In general, if $n=3\pmod 4$ and $a^{(n-1)/2}= $$\left( \frac{a}{n}\right)$$ \pmod n$, then for each prime $p | n$, $$\left( \frac{a}{p}\right) = \left( \frac{a}{n}\right)$$

A Miller Rabin counterexample would require that many of these congruences hold, in addition to $n$ being a Carmichael number or pseudoprime to many bases.

Lastly, I would like to point out that counterexamples exist with $n=1\pmod 4$, but they are much harder to construct. Suppose $n=5\pmod 8$. There are two cases to consider. Like with $n=3 \pmod 4$:

$a^{(n-1)/2}= $$\left( \frac{a}{n}\right)$$ \pmod n$

If $\left( \frac{a}{n}\right) = -1$, then for each prime $p | n$, $p=1\pmod 4$, $\left( \frac{a}{p}\right) = -1$ if $p=5\pmod 8$ and $\left( \frac{a}{p}\right) = 1$ if $p=1\pmod 8$.

If $\left( \frac{a}{n}\right) = 1$, then $a^{(n-1)/4}= ±1 \pmod n$. One can check if it is $1$ or $-1$ using quartic reciprocity, and the same conditions as if $n=3\pmod 4$ also hold here.

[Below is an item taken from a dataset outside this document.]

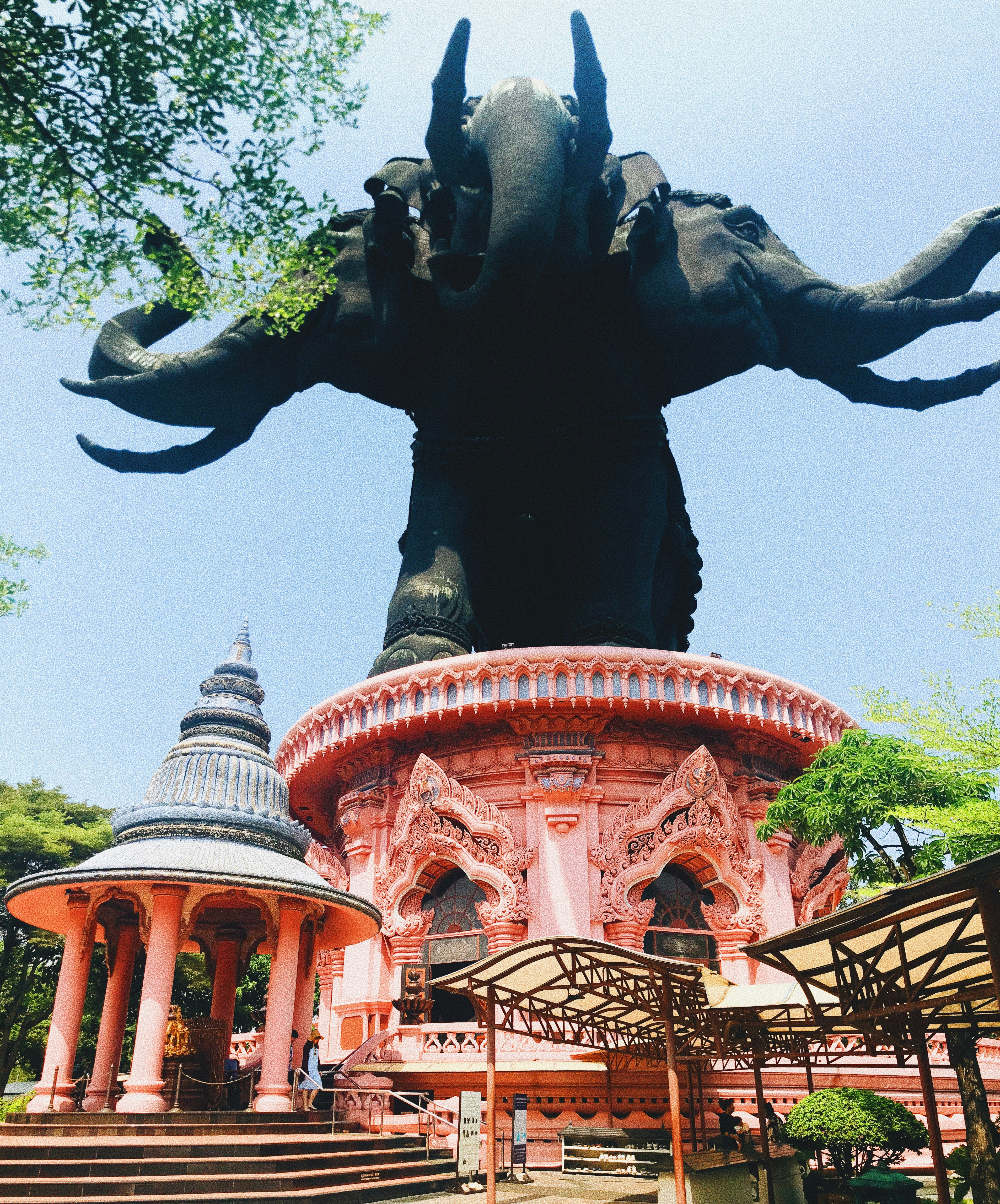 El Museo Erawan, ubicado en Bang Mueang Mai, Samut Prakan, Tailandia, es una maravilla arquitectónica y un festín visual para los fotoviajeros. La característica más destacada del museo es su escultura artística de elefante gigante de tres cabezas, una notable representación de Airavata, un elefante blanco mitológico de la tradición hindú. Esta colosal estatua, hecha de bronce, se alza a una impresionante altura de 29 metros y está montada sobre un pedestal igualmente imponente, lo que hace que la estructura total alcance los 43 metros de altura.

More complex properties hold for $n=9\pmod {16}$, and when $n-1$ has more factors of $2$, we eventually can prove $n$ is prime (this explains why counterexamples are easier to construct if $n=3\pmod 4$). If $n=2^sd+1$ with $d < 2^s$, and $a^{(n-1)/2}= -1 \pmod n$, then $n$ is prime (Proth's Theorem).